The User-Agent line tells us who the following commands applies to, and the * means that the rules apply to all users. Then, the disallow commands tell us what pages crawlers and web scrapers aren’t allowed to visit. Any page with that URL prefix is disallowed by virtual of that line, so Disallow: Example/Page would also tell a program not to visit Example/Page/Page2.

We also see an allow command. This can be used to allow a crawler to visit a webpage that was previously barred by a disallow command. This is used when a page someone wants to allow has a previously barred prefix. In this case, while /wordpress/wp-admin/ and most of it’s postfixes are disallowed, /wordpress/wp-admin/admin-ajax.php has been specifically allowed, so robots can visit them.

Let’s look at a more advanced robots.txt file, this time for professional football data site ProFootballRefrence.

This time, we see multiple user agents. AhrefsBot,SlySearch has a Disallow: /, as does GPT bot. This means that these agents are being asked not to crawl or scrape any part of ProFootballReference. Twitterbots however, have an empty disallow, meaning that everything is allowed.

Below, are a series of disallows that apply to everyone. In general, Google will go with the least restrictive directive, meaning that scraping these websites is off limits to all agents except a Twitterbot.

11.1.5.2 Dynamic Data

Web scrapers don’t always work when working with dynamically allocated data. Consider the following webpage: The UConn Gym Capacity webpage

This website dynamically updates every second to tell you how many people are using the uconn rec center at any given moment. The Number in the example is at 0, since this is being written outside of the gym’s operating hours, but during the workday it would be updating.

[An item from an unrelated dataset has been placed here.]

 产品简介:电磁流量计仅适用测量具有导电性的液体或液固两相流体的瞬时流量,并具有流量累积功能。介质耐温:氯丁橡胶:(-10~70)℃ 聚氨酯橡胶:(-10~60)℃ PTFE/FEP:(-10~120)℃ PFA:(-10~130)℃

Say we wanted to gather data on how many people were at the gym at all times of the day, so we could graph it and discover when the busisest and slowest times were at the rec. Theoretically we could web scrape the page right? Let’s see.

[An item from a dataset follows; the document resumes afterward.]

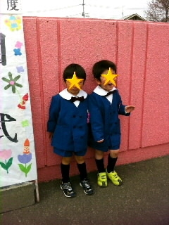 《生後3歳8ヶ月と3日&生後2ヶ月と26日》震災から2週間が経ちました。。。関東ではまだまだ落ち着いて生活できる感じじゃないんだけど子ども達の笑顔に毎日癒されながら元気に生活していますかおりちゃん、hikkusoさん心配を送ってくれてありがとうございました成長記録は書いておきたいなぁと思って久々に23日に殿は3歳8ヶ月になりましたますます口が達者に毎日何かしら怒られています怒られると『違う違う』と言い訳をするようにお手伝いをしたい掃除から料理からママがやってることを何でもお手伝いをしたいようでママの後を付いてくるこれはきっと震災の影響だと思う。。はやく忘れてくれるといいなぁ幼稚園の準備完了とうとう4月からは年少さん楽しく通って欲しいなぁ弟くんは28日に3ヶ月になりますこの1ヶ月でできるようになったことを箇条書きこぶしに気がついてよく見るこぶしをなめるようになる目が合うと、声を出して手足をばたばたして喜ぶ手と手をつなぐ両足をもちあげる足の力で上に進む声が大きくなるおしゃべりが上手抱っこして欲しいときに甘え泣きをする身長は不明、体重は7kgくらい夜も6時間は寝てくれますうんちくんは4日に1回ほど(便秘じゃないよ)あまり泣かずにとってもいい子3ヶ月になると予防接種ラッシュだわねそして来月からはお兄ちゃんの送り迎えもあるし頑張ろうね

new_url = 'https://app.safespace.io/api/display/live-occupancy/86fb9e11'
req = requests.get(new_url)
if req.status_code == 200:
    soup = BeautifulSoup(req.content, 'html.parser')
answer = soup.find_all(attrs = {'id':'occupants'})
print(answer)

[<span class="text-xl" id="occupants"></span>]

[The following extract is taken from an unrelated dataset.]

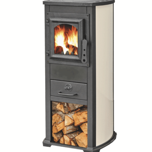 STUFA A LEGNA GHISA VETRO 7 KW CAMINO CON PORTALEGNA cm 39x48x89 BEIGE BRNA LUX 132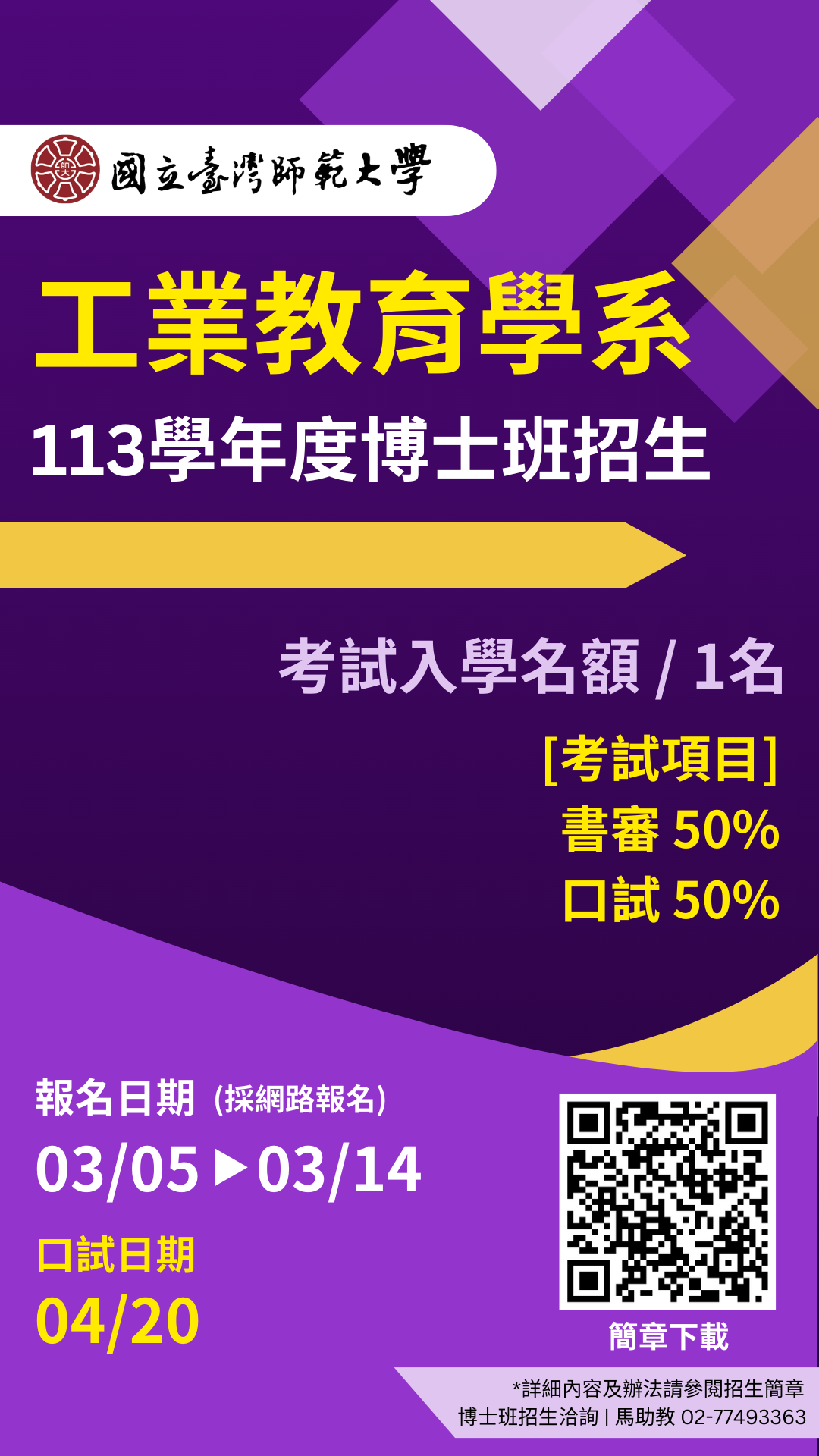 檢送國立臺灣師範大學工業教育學系「113學年度博士班考試入學」招生資訊

As we can see, the space where we’d expect the occupancy number to be is empty. This occurs regularly when trying to scrape dynamically updated data. So, web scraping isn’t always the best option when trying to acess constantly updating figures, and someone wishing to acess the data would likely need to find out where the website is receiving the data from, and try and get permission to access that source.

11.1.6 Conclusion

Web scraping is a very powerful tool for data scientits, as it allows us to gather data from any publicly availble webpage. The most popular library, Beautiful Soup, allows us to easily parse through a webpage, searching by tag, attribute, or content to find what we need. Although it has it’s drawbacks, this makes web scraping simple, and easily trasferrable to other similarly formatted webpages, allowing us to effortlessly collect large amounts of data.

11.1.7 Sources

https://www.conductor.com/academy/robotstxt/

11.2 Animation

Hello everyone! My name is Ge Li and I am a senior double major in Math and Statistics. I am going to do the Animation analysis here with python.

11.2.1 Introduction

11.2.1.1 What is data animation?

Data animation is the process of adding movement, interactivity, and visual effects to your data displays. It can help you highlight changes over time, compare different scenarios, reveal hidden details, and create a dynamic and immersive experience for your viewers. Data animation can take many forms, such as animated maps, timelines, transitions, sliders, and interactive dashboards. You can use data animation to enhance your presentations, reports, websites, or social media posts.

11.2.1.2 Why animate your data?

Data animation can provide a variety of advantages to your data analysis and communication. Capturing attention and generating interest is possible by adding color, motion, and sound. It can also improve understanding and retention by showing how complex or abstract concepts work or change over time. Furthermore, data animation can be used to persuade and influence by conveying a message or story with your data and creating emotional impact. It can also motivate action or change by demonstrating consequences, opportunities, or solutions

11.2.1.3 How to animate your data?

Before animating your data, it’s important to define your purpose and audience. Consider the main question, problem, or idea you want to address and the best way to communicate it. Then choose the data and format that best suit your purpose and audience. What type of data do you have? How much, how complex, and how reliable is it? What kind of chart, graph, or map will best display it? Finally, decide how to animate and interact with your data. What kind of movement, transition, or effect will you use? How will you control the speed, direction, and duration of the animation? How will you enable user input, feedback, or navigation? By following these steps, you can create an effective animation that meets your goals and resonates with your audience.

11.2.2 Examples of data animation using NYC Rodents Dataset

11.2.2.1 Data Examination and Queation Exploration

The dataset contains information on rodent complaints across different locations, with a total of 2,669 entries. Each entry includes details such as the unique key, created and closed dates of the complaint, agency and agency name handling the complaint, complaint type, descriptor (specifics about the complaint), location type, incident zip code, address, and additional geographical and administrative details.

Given the nature of this dataset, we can explore several interesting questions and topics for data animation, focusing on trends, patterns, and insights related to rodent complaints. Here are some potential ideas:

Temporal Trends: How have rodent complaints changed over time? We can animate the number of complaints over the months to identify any seasonal patterns or trends.

Geographical Distribution: Which areas have the highest concentration of rodent complaints? An animated heatmap or choropleth map showing the density of complaints across different zip codes or boroughs could provide insights.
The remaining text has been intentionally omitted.